* **Work item**
Please transcribe the data below in full. Omit any picture you find in it.

* **Data**
----

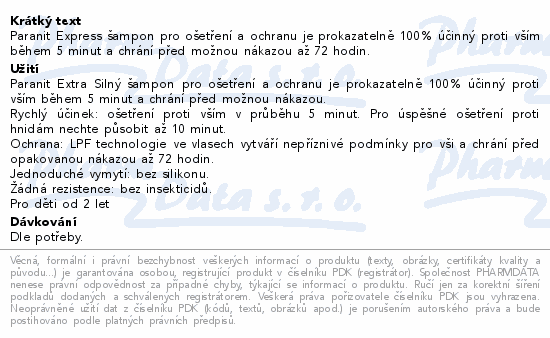 Paranit Express šampon pro ošetření a ochranu je prokazatelně 100% účinný proti vším během 5 minut a chrání před možnou nákazou až 72 hodin.
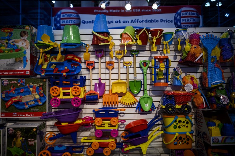 Toys of the company American Plastic Toys Inc are on display during the annual New York Toy Fair, at the Jacob K. Javits Convention Center on February 16 in New York City. (Photo by Johannes EISELE / AFP)
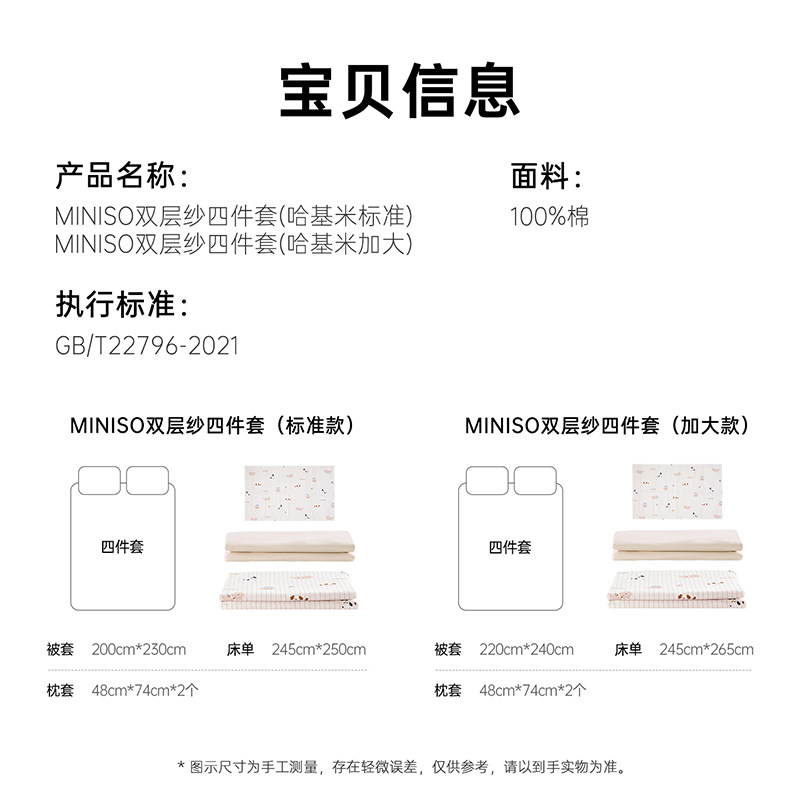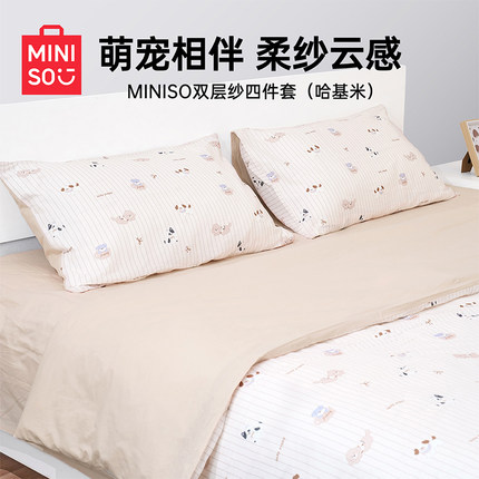 MINISO名创优品【纯棉双层纱四件套】A类亲肤床单被套枕套双人床

----

* **Solution**
 Paranit Express šampon pro ošetření a ochranu je prokazatelně 100% účinný proti vším během 5 minut a chrání před možnou nákazou až 72 hodin.
 Toys of the company American Plastic Toys Inc are on display during the annual New York Toy Fair, at the Jacob K. Javits Convention Center on February 16 in New York City. (Photo by Johannes EISELE / AFP)
 MINISO名创优品【纯棉双层纱四件套】A类亲肤床单被套枕套双人床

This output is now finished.